Saturday, April 24, 2010

Molten lava slowly advances from the north and northwest of the County viewing area

Not much change from yesterday: Surface lava is flowing through the kipuka directly adjacent and to the north-northwest of the County viewing area. The closer surface flows of moving lava are just out of sight, obscured by the trees and vegetation, the same kipuka vegetations that are being inundated by lava from three sides. The more easterly kipuka flow is now barely advancing, while the west side is far more aggressive and may reach the, now closed, outer viewing area within a day or two if it continues strong and moving in the direction it is now. No lava has reached the ocean.

NOTE: watch it on this page or double click the video and watch it full size on YouTube or click HERE
This seven-minute video is of lava burning the forest in the kipuka.
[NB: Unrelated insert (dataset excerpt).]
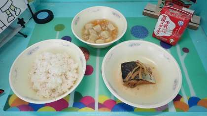 「さばのしょうが煮」は、さばの切り身をしょうがと一緒に甘辛く煮ています。さばの切り身に味がよくしみ込み、しょうががよいアクセントになっています。ごはんと一緒においしくいただきました。「高野どうふのそぼろ煮」は、甘く味付けした高野どうふが鶏ひき肉のそぼろあんとよく絡んで、とてもおいしくいただくことができました。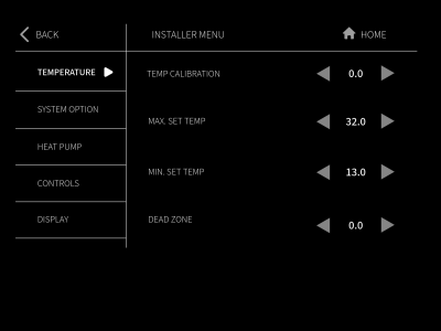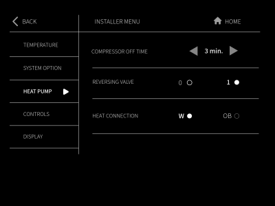 d. If heat pump is selected, the lefthand menu will populate with heat pump settings.

In this short movie, shot April 23rd at dawn, you will see trees fall into the molten lava and burst into flames (@1:40 and another @1:55). The last few minutes shows a lava breakout pour down into ferns (@3:30) and bursting larger (@4:40). Throughout the movie you will here the crackling of fires, thumps of small methane gas explosions, at least five varieties of birds chirping and one croaking buffo toad...

The above aerial was originally from a USGS images update on April 15th .(Click the image for larger size) I have added my own update notes to it. The red surface flow outline is a rough interpretation of where the hot zones are, but close enough to show how it is advancing into the kipuka newer the viewing area shown in my opening image.
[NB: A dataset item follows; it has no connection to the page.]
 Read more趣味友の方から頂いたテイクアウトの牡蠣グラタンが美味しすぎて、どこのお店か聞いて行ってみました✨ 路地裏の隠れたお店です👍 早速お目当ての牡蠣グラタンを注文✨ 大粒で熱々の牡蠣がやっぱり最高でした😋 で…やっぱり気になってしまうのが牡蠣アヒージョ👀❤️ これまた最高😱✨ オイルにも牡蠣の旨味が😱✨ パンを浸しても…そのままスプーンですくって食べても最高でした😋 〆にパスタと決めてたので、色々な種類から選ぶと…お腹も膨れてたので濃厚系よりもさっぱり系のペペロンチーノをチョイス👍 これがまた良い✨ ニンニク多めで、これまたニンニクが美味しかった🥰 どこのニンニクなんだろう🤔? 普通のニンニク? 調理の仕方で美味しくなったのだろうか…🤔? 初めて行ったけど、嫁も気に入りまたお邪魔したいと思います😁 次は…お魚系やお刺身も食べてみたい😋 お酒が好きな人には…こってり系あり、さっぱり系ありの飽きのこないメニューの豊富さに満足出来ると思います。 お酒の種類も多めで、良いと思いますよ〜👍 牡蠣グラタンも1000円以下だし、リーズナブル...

Further up the coastal flats and Pulama Pali beyond we still see some serious swaths of lava that stand out red & orange after dark. Those more distant pali flows have dimmed a little the past 24 hours as they crust over and form tubes; or as they stagnate.

Lava Viewing Summary:
Weather permitting; the most visual displays of active lava continue to be safely witnessed from the two designated public viewing areas:
1) The balcony outside the Jaggar Museum during the day and after dark. The Jaggar is located a few miles past the entrance gates of Hawaii Volcanoes National Park and is open to the public 24 hour a day, seven days a week.

2) The newly advancing surface flow can be watched from the Hawaii County Civil Defense public viewing area parking, trailhead and the newly established gathering spot next to there. This area may become pretty exciting in the following days IF the lava close by continues its march through the kipuka forest and passes through, or nearby. The viewing area is open to the public between the hours of 2:00 PM and 10:00 PM; last car allowed in is 8:00 PM – seven days per week.